* _Records provided_:
════════════════

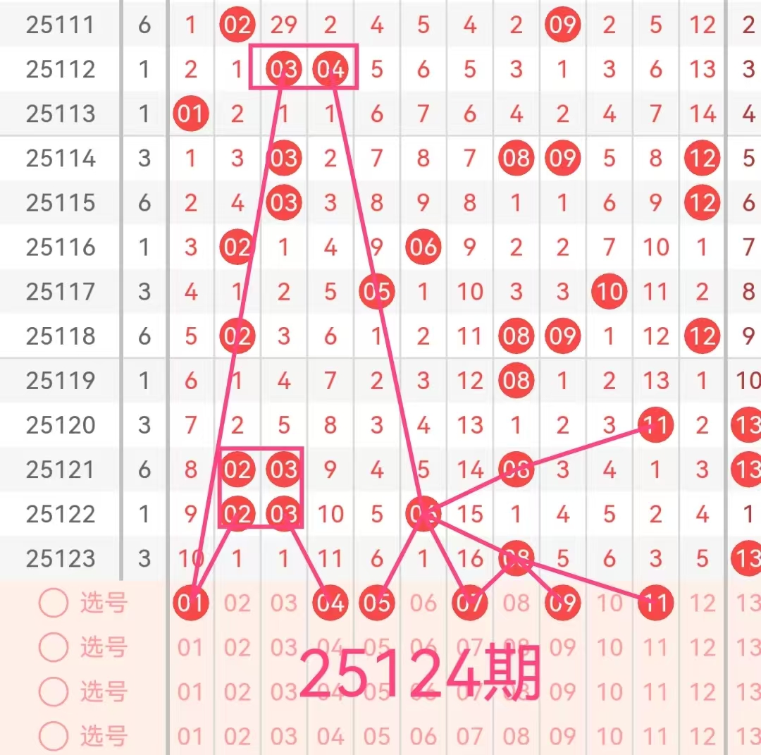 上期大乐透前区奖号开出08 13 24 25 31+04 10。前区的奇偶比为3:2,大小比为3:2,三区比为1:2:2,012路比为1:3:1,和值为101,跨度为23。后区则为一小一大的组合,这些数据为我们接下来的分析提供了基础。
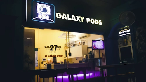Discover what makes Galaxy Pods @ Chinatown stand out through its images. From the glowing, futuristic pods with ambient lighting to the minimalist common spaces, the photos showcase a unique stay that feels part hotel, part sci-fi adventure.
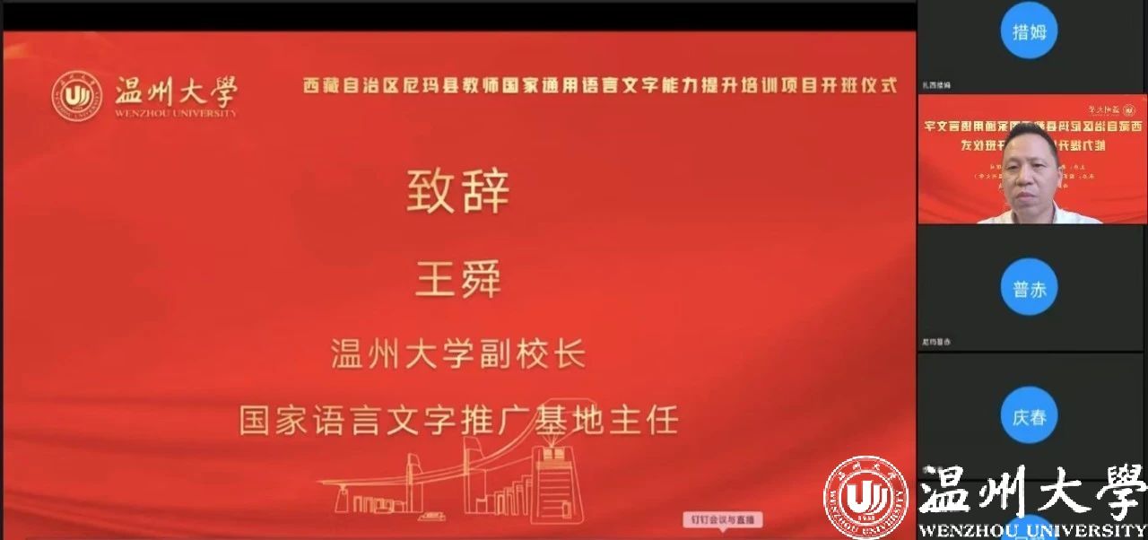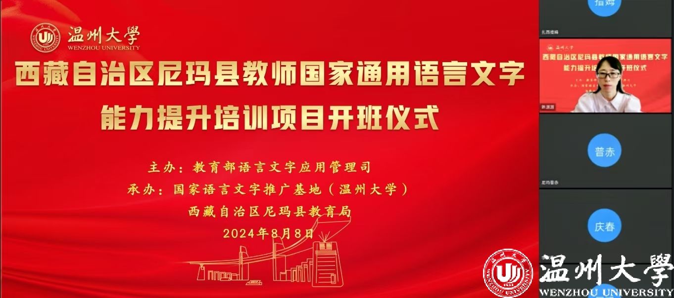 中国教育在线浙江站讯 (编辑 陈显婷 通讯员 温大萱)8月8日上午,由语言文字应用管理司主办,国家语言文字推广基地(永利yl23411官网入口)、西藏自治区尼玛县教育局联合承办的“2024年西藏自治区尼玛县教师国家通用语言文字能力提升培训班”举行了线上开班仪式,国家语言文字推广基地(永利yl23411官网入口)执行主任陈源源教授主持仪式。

════════════════

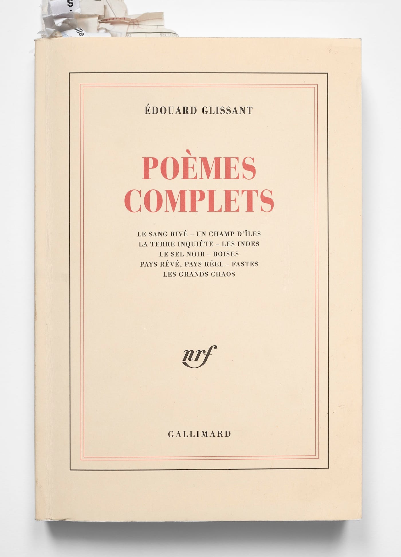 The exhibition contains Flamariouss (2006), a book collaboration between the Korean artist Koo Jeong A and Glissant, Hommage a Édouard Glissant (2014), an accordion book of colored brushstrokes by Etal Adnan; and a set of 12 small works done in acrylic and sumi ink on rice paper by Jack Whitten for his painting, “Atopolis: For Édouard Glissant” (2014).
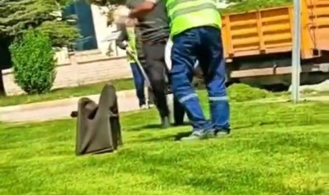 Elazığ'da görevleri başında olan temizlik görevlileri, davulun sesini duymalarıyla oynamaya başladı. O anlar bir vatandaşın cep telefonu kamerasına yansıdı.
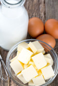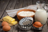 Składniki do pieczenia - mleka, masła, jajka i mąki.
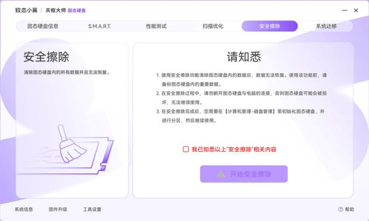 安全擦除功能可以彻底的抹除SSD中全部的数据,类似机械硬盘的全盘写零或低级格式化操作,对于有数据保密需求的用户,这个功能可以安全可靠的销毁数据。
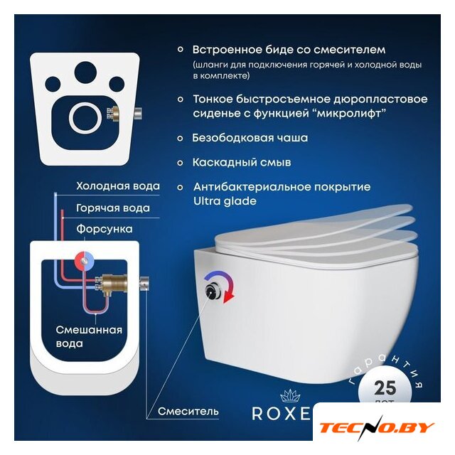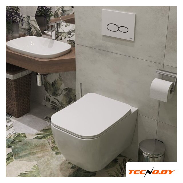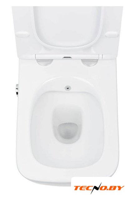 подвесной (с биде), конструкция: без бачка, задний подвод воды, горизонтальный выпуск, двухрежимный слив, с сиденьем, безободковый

════════════════

* _Exercise description_: Leaving out all pictures, set down exactly the lines of the material above, from the line with "上期大乐透前区奖号开出08 13 24" to the line with "中国教育在线浙江站讯 (编辑 陈显婷" inclusive, and no others.

* _Result of this exercise_:
 上期大乐透前区奖号开出08 13 24 25 31+04 10。前区的奇偶比为3:2,大小比为3:2,三区比为1:2:2,012路比为1:3:1,和值为101,跨度为23。后区则为一小一大的组合,这些数据为我们接下来的分析提供了基础。
Discover what makes Galaxy Pods @ Chinatown stand out through its images. From the glowing, futuristic pods with ambient lighting to the minimalist common spaces, the photos showcase a unique stay that feels part hotel, part sci-fi adventure.
 中国教育在线浙江站讯 (编辑 陈显婷 通讯员 温大萱)8月8日上午,由语言文字应用管理司主办,国家语言文字推广基地(永利yl23411官网入口)、西藏自治区尼玛县教育局联合承办的“2024年西藏自治区尼玛县教师国家通用语言文字能力提升培训班”举行了线上开班仪式,国家语言文字推广基地(永利yl23411官网入口)执行主任陈源源教授主持仪式。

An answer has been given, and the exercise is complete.